----- Task input -----
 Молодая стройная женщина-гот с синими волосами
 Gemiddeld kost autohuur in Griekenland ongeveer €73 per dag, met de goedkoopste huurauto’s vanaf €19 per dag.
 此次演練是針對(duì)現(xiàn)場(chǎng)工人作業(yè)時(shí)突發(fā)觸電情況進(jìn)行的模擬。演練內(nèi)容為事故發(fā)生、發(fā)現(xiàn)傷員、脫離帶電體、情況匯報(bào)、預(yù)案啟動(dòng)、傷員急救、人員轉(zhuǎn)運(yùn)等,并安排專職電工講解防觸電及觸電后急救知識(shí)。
-----
----- Task input -----
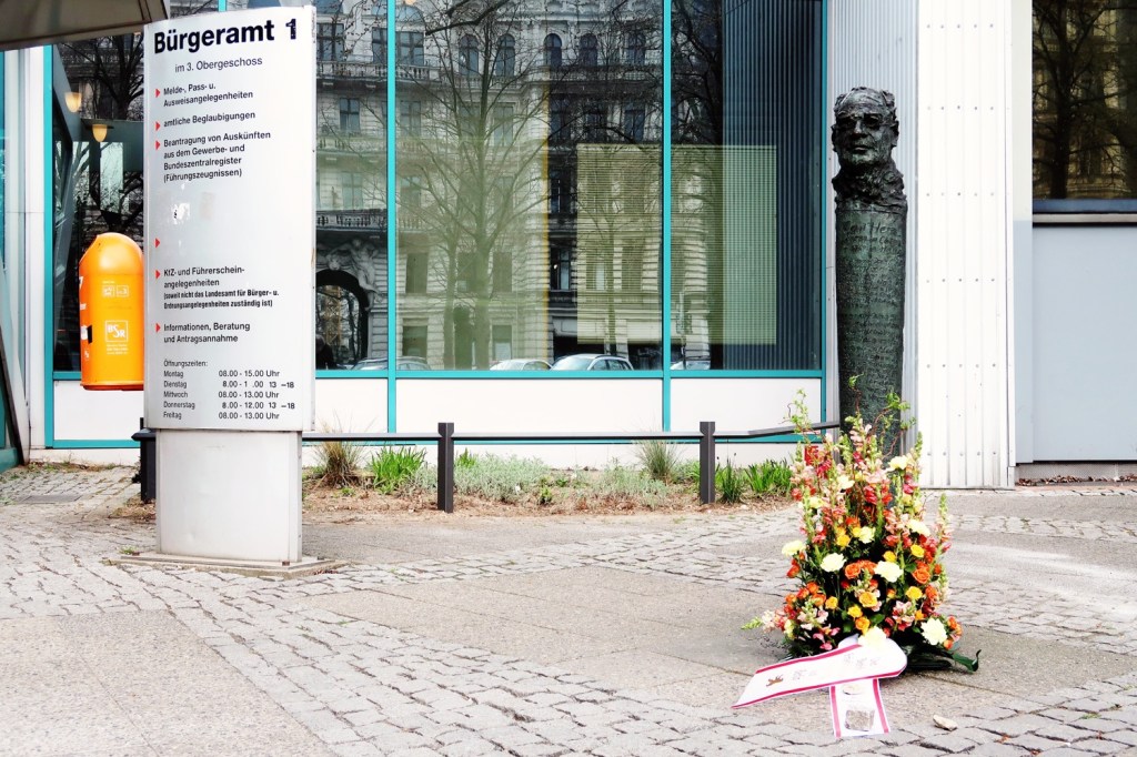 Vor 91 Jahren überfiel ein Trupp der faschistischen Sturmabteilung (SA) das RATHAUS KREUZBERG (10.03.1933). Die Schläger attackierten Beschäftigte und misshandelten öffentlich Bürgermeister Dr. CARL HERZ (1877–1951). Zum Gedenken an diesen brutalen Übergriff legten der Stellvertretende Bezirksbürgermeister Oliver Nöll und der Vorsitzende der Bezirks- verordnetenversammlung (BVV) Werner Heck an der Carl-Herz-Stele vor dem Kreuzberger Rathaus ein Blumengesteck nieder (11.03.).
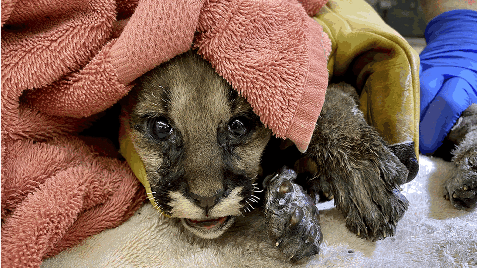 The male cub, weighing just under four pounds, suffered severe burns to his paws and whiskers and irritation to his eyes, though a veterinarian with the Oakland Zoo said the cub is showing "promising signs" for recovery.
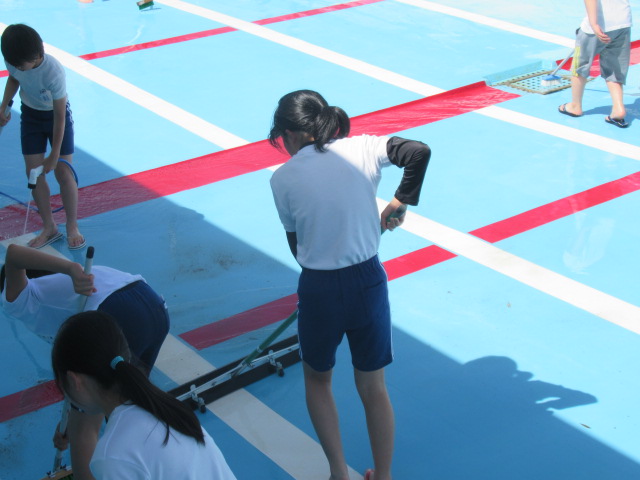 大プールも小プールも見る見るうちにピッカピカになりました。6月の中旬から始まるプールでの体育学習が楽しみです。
-----
----- Task input -----
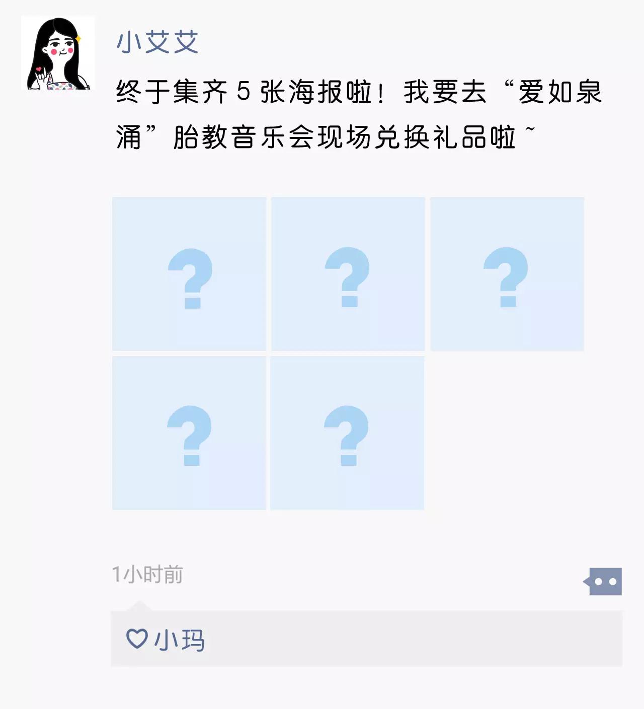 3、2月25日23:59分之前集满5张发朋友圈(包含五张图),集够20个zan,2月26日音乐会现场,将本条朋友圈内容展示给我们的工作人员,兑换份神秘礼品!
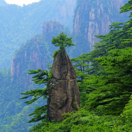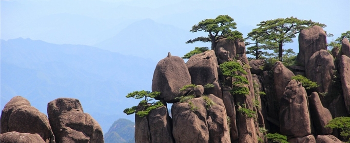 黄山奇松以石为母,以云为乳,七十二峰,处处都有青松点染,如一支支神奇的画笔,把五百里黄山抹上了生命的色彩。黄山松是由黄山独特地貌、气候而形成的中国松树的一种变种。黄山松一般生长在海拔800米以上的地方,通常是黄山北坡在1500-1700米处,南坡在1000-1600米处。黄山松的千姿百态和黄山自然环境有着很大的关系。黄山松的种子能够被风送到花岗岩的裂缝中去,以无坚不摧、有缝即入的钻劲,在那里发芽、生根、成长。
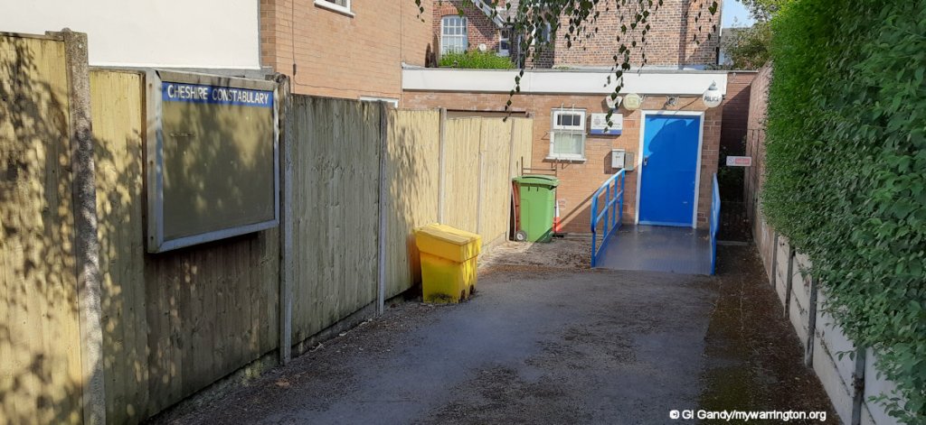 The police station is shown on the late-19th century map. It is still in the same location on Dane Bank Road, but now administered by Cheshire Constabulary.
-----
* [What you are asked to do]: With the pictures omitted, restate word for word the lines above from the line that has "The male cub, weighing" up to and including the line that has "大プールも小プールも見る見る", and no other lines.

* [Answer section]:
 The male cub, weighing just under four pounds, suffered severe burns to his paws and whiskers and irritation to his eyes, though a veterinarian with the Oakland Zoo said the cub is showing "promising signs" for recovery.
 大プールも小プールも見る見るうちにピッカピカになりました。6月の中旬から始まるプールでの体育学習が楽しみです。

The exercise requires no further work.